After the war Hitler stayed in the army, which was now mainly engaged in suppressing the socialist uprisings that were breaking out across Germany - including in Munich., where Hitler returned in 1919. Hitler took part in "national thinking" courses organized by the Education and Propaganda Department (Dept Ib/P) of the Bavarian Reichswehr Group, Headquarters 4 under Captain Mayr. One key purpose of this group was to create a scapegoat for the outbreak of the World War and for Germany's defeat. Jewish people, at the time, seemed like an obvious choice for a scapegoat. Unsurprisingly, the scapegoat was found in "international Jewry", but the scapegoat was also found in communists and in politicians across the party spectrum.

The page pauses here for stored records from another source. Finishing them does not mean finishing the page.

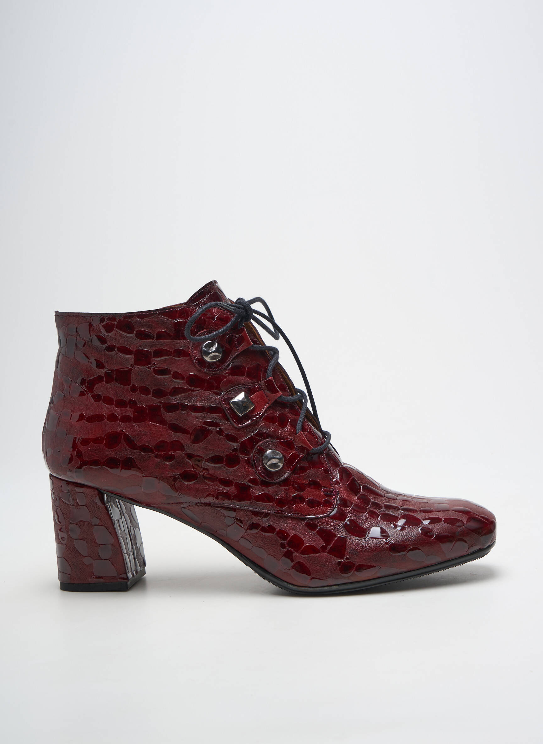 Profitez d’un véritable bon plan avec ces bottines de la marque DANSI, pensées pour apporter une touche d’élégance à petit prix à votre dressing. Le cuir verni effet croco d’une belle couleur bordeaux fait toute la différence, tandis que le talon stable et le laçage moderne offrent un confort au quotidien. Idéales pour celles qui aiment allier originalité et sophistication sans se ruiner, ces boots feront sensation en toutes occasions.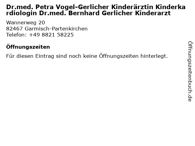 | Dr.med. Petra Vogel-Gerlicher Kinderärztin Kinderkardiologin Dr.med. Bernhard Gerlicher Kinderarzt anrufen | |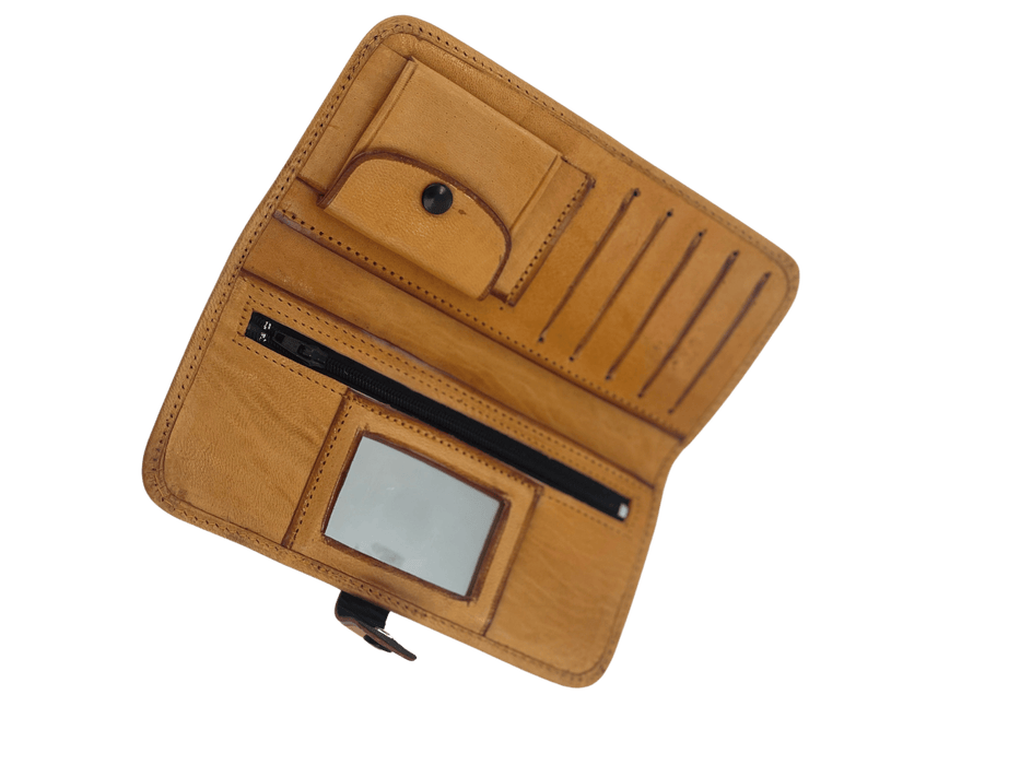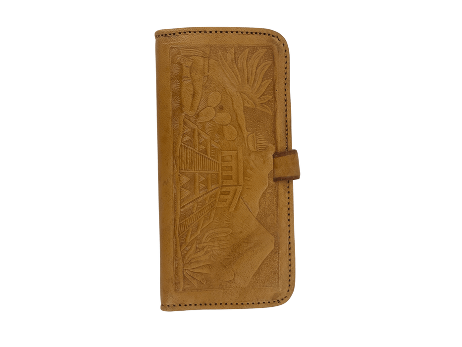 Cartera Telar Amarilla de Piel con Pirámide Estampada

For Hitler, the question of guilt was essential. Already influenced by anti-Semitic ideas, he eagerly believed in Jewish responsibility and soon became an efficient multiplicator for the propaganda conceived by Mayr and his superiors. In July 1919 Hitler, because of his intelligence and oratory skills, was appointed a V-Mann of an "Enlightenment Commando" for the purpose of influencing other soldiers with the same ideas. [1]

German Workers Party

Adolf Hitler's membership card for the German Workers' Party. Hitler wanted to create his own party, but was ordered by his superiors in the Reichswehr to infiltrate an existing one instead.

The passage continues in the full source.